In 2005, NBC Sports executive vice president Jon Miller then pitched the concept of an annual outdoor game as a television event to the NHL, "but they didn't find the concept workable." In December 2006, Miller found an ally in then-league executive vice president/business and media John Collins, who embraced the idea. This led to the inaugural Winter Classic game on January 1, 2008, with the Pittsburgh Penguins visiting the Buffalo Sabres at Ralph Wilson Stadium.

On May 1, 2013, the NHL announced that the Chicago Blackhawks would host the Pittsburgh Penguins at Soldier Field in Chicago on March 1, 2014, as part of a new series of outdoor games called the Stadium Series. By the end of May 2013, the NHL had scheduled a record six outdoor NHL games for the 2013–14 season – one Winter Classic, one Heritage Classic, and four Stadium Series games.

In scheduling outdoor games in the New York metropolitan area that feature the New York Rangers (first occurring during two of the four 2014 Stadium Series games, and subsequently the 2018 Winter Classic), the team has always been designated as the "away" team.
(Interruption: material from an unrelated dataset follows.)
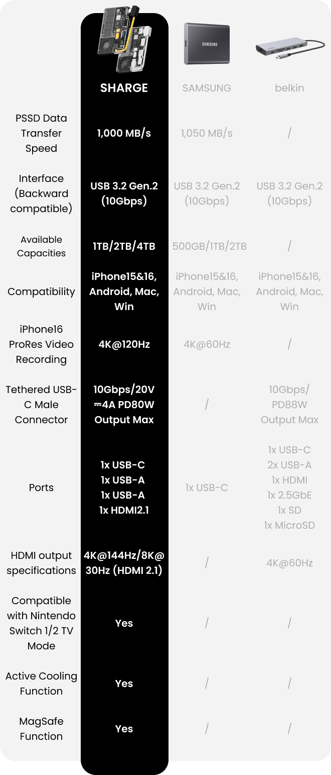 闪盘 Pro 本身仅有信用卡大小(90x61x11mm),重约 150 克,集成 4TB 移动存储、4 端口集线器于一体,传输速率可达 10Gbps,适用于 MacBook、iPhone、Switch 等产品,兼容 MagSafe,支持 HDMI 2.1(4K 144Hz / 8K 30Hz)视频输出、PD 100W 输入 / 80W 输出。

This is to maintain the property tax-exempt status of the Rangers' home arena, Madison Square Garden (MSG). The tax exemption stipulates that it only applies if the Rangers do not "cease playing" home games at the arena, generally interpreted as playing any "home" game outside of it. By designating the Rangers as the "away" team and the Buffalo Sabres as the "home" team in the 2018 Winter Classic at Citi Field in the New York City borough of Queens, it would save MSG from paying more than $40 million in property taxes.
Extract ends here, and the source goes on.